I met many of my most cherished, best friends in AA and learned how to ask for help, how to be present at parties with no substances in my system and how to talk to people I don’t know. I became more reliable and accountable and overall, a kinder and less insecure person.
But ten years later, right after my thirtieth birthday, I was just as confused as the Love Has Won girls after Mother God didn’t come back to life. I wasn’t thriving the way I thought I should be as someone who had undergone a spiritual awakening at such a young age. I was still sober, a proud member of not one, but TWO twelve step programs, but I found myself going through yet another awful breakup with yet another man whose love I couldn’t seem to earn. I didn’t understand why I was so unhappy, so unlucky in love!?!?! Where was the joyous, free life I had been PRAYING for and so RIGHTLY deserved for choosing to go from bad girl to good girl?
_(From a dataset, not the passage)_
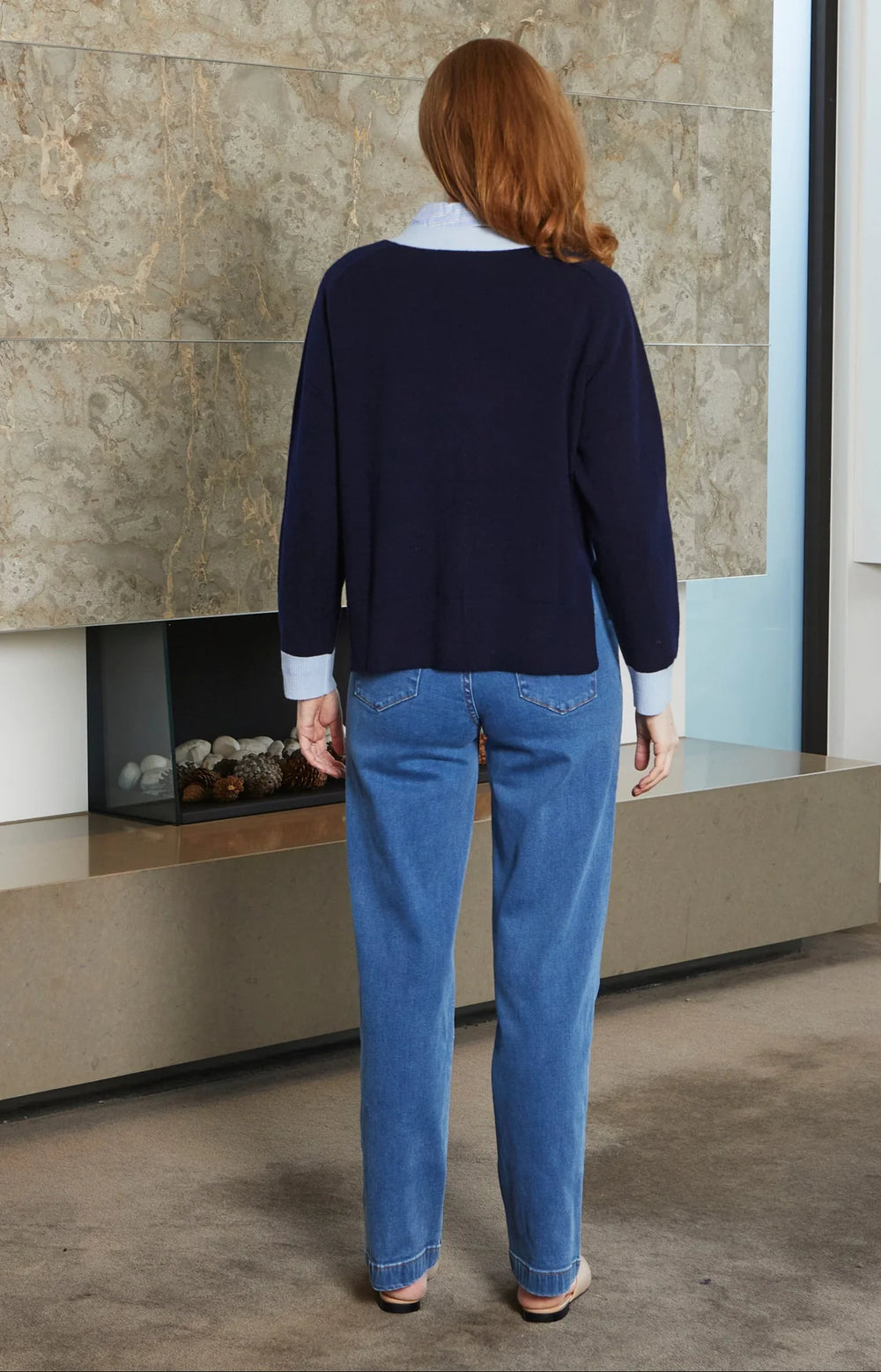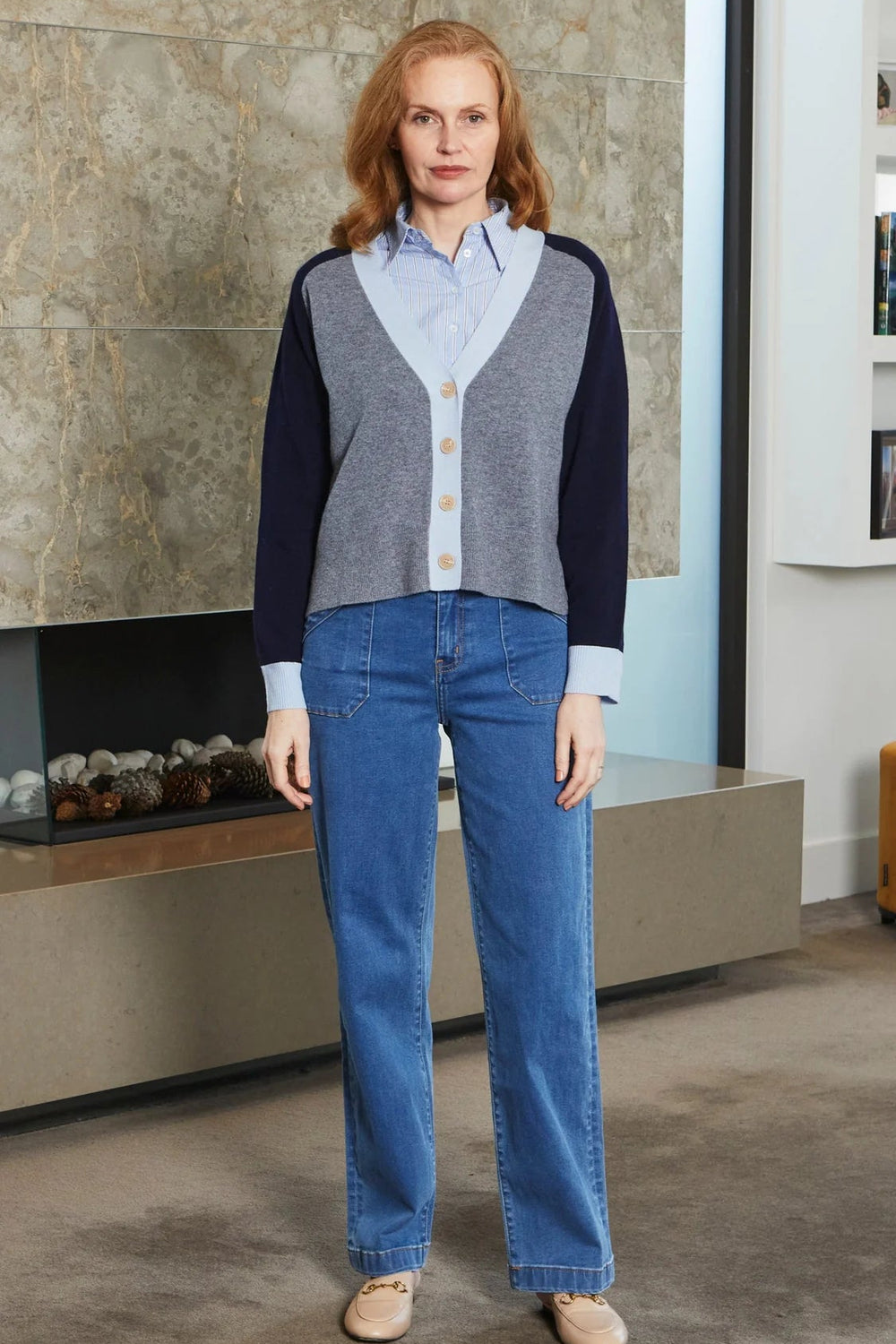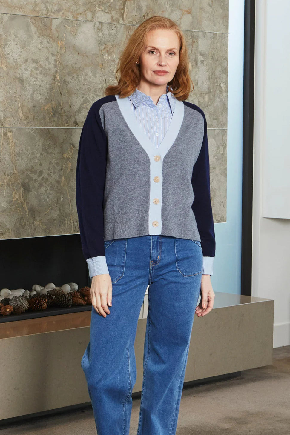V NECK COLOUR BLOCK RELAXED FIT CARDIGAN

Hello?!?!?!
And so, last year, I drank again.
And ya know what, IT DIDN’T GO VERY WELL! Can you even believe?!?!?! Many unfortunate events followed, including (you guessed it) YET another dysfunctional relationship and messy breakup. I made a lot of mistakes, I hurt people that I love, and I experienced a lot of shame. But I’m actually okay!
It has often appealed to me to categorize every uncomfortable, disappointing or embarrassing moment that has happened since as part of “a relapse” or a “mental breakdown”, to write it all off and label 2023 as a “just a bad year”. I have yearned and even attempted to call out to the world that I can make amends! I can re-earn my worth! I can cleanse myself and be different again! But thanks to therapy, a lot of love from friends and family and a lot of self-searching that I’ve had the privilege to do, I no longer believe that my worth can be defined by any one choice that I make.
Today, I choose not to drink because it doesn’t work for me and I can’t seem to do it the way other people do, without serious emotional and physical consequences. I also choose not to go to AA anymore. Both of these choices may change in the future and that’s okay.
2023 was not “just a bad year.” It was… just another period of time, scattered with moments of intense pain, anger, and sadness, and also moments of sheer joy, understanding, growth and laughter. I got two cats this year and I love them so much it hurts, in the best way. I started EMDR therapy. I also got drunk and I got dumped and I sent my ex-boyfriend unhinged text messages with screenshots of Taylor Swift lyrics. I disappointed my family and friends and I also learned to believe that I deserve their love anyways, as long as I try my best to love them too. I enrolled in school to finish my college degree, I got a new job that I love, and wrote a lot of things I’m proud of. I went on some fun dates and some truly horrible ones. I got a lot of tattoos that I don’t know yet if I’ll regret.
2023 is the year that I learned how to look back on my most shameful and painful moments, and to tell myself - you were doing the best you could, and always, no matter what, you are worthy of love. I love you.
…… and in that sense, Love Has Won ;).